**Information given:**
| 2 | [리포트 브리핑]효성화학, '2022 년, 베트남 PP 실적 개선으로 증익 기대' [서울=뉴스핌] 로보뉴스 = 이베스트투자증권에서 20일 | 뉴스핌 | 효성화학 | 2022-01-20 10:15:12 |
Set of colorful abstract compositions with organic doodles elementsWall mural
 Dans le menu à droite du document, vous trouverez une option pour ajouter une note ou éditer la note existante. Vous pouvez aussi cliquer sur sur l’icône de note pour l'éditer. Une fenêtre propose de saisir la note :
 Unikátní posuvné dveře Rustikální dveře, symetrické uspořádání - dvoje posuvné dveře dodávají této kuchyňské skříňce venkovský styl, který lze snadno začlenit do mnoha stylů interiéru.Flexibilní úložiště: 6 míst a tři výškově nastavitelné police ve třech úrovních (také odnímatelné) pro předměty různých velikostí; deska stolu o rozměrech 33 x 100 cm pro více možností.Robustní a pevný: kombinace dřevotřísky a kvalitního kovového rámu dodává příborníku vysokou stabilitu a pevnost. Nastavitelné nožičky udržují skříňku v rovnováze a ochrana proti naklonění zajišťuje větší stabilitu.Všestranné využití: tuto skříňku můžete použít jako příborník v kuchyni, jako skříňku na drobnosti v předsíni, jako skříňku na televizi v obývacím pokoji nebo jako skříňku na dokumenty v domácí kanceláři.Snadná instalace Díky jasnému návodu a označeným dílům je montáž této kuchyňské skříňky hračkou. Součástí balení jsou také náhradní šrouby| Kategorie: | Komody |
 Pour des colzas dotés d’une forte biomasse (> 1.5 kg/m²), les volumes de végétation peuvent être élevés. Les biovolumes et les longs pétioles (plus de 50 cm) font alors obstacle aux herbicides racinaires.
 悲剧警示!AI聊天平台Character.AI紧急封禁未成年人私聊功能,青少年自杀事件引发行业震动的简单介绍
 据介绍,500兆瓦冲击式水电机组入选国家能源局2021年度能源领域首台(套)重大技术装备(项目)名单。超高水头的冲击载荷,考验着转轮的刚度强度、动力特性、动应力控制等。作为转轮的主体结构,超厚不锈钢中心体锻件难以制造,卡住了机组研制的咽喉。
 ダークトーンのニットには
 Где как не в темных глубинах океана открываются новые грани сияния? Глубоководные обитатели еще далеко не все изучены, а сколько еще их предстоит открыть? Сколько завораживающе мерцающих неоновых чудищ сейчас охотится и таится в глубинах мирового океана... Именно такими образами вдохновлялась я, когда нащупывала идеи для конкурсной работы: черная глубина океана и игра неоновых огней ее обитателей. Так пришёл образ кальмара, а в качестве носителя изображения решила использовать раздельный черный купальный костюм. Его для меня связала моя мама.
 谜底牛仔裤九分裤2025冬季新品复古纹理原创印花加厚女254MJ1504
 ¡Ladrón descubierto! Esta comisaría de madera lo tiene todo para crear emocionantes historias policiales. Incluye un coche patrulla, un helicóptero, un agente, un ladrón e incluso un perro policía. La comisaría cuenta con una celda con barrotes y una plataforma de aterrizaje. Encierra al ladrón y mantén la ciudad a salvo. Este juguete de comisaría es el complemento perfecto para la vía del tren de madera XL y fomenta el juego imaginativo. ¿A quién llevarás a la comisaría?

**Exercise directions:**
Transcribe all the entries exactly, as they stand.

**Expected output:**
| 2 | [리포트 브리핑]효성화학, '2022 년, 베트남 PP 실적 개선으로 증익 기대' [서울=뉴스핌] 로보뉴스 = 이베스트투자증권에서 20일 | 뉴스핌 | 효성화학 | 2022-01-20 10:15:12 |
Set of colorful abstract compositions with organic doodles elementsWall mural
 Dans le menu à droite du document, vous trouverez une option pour ajouter une note ou éditer la note existante. Vous pouvez aussi cliquer sur sur l’icône de note pour l'éditer. Une fenêtre propose de saisir la note :
 Unikátní posuvné dveře Rustikální dveře, symetrické uspořádání - dvoje posuvné dveře dodávají této kuchyňské skříňce venkovský styl, který lze snadno začlenit do mnoha stylů interiéru.Flexibilní úložiště: 6 míst a tři výškově nastavitelné police ve třech úrovních (také odnímatelné) pro předměty různých velikostí; deska stolu o rozměrech 33 x 100 cm pro více možností.Robustní a pevný: kombinace dřevotřísky a kvalitního kovového rámu dodává příborníku vysokou stabilitu a pevnost. Nastavitelné nožičky udržují skříňku v rovnováze a ochrana proti naklonění zajišťuje větší stabilitu.Všestranné využití: tuto skříňku můžete použít jako příborník v kuchyni, jako skříňku na drobnosti v předsíni, jako skříňku na televizi v obývacím pokoji nebo jako skříňku na dokumenty v domácí kanceláři.Snadná instalace Díky jasnému návodu a označeným dílům je montáž této kuchyňské skříňky hračkou. Součástí balení jsou také náhradní šrouby| Kategorie: | Komody |
 Pour des colzas dotés d’une forte biomasse (> 1.5 kg/m²), les volumes de végétation peuvent être élevés. Les biovolumes et les longs pétioles (plus de 50 cm) font alors obstacle aux herbicides racinaires.
 悲剧警示!AI聊天平台Character.AI紧急封禁未成年人私聊功能,青少年自杀事件引发行业震动的简单介绍
 据介绍,500兆瓦冲击式水电机组入选国家能源局2021年度能源领域首台(套)重大技术装备(项目)名单。超高水头的冲击载荷,考验着转轮的刚度强度、动力特性、动应力控制等。作为转轮的主体结构,超厚不锈钢中心体锻件难以制造,卡住了机组研制的咽喉。
 ダークトーンのニットには
 Где как не в темных глубинах океана открываются новые грани сияния? Глубоководные обитатели еще далеко не все изучены, а сколько еще их предстоит открыть? Сколько завораживающе мерцающих неоновых чудищ сейчас охотится и таится в глубинах мирового океана... Именно такими образами вдохновлялась я, когда нащупывала идеи для конкурсной работы: черная глубина океана и игра неоновых огней ее обитателей. Так пришёл образ кальмара, а в качестве носителя изображения решила использовать раздельный черный купальный костюм. Его для меня связала моя мама.
 谜底牛仔裤九分裤2025冬季新品复古纹理原创印花加厚女254MJ1504
 ¡Ladrón descubierto! Esta comisaría de madera lo tiene todo para crear emocionantes historias policiales. Incluye un coche patrulla, un helicóptero, un agente, un ladrón e incluso un perro policía. La comisaría cuenta con una celda con barrotes y una plataforma de aterrizaje. Encierra al ladrón y mantén la ciudad a salvo. Este juguete de comisaría es el complemento perfecto para la vía del tren de madera XL y fomenta el juego imaginativo. ¿A quién llevarás a la comisaría?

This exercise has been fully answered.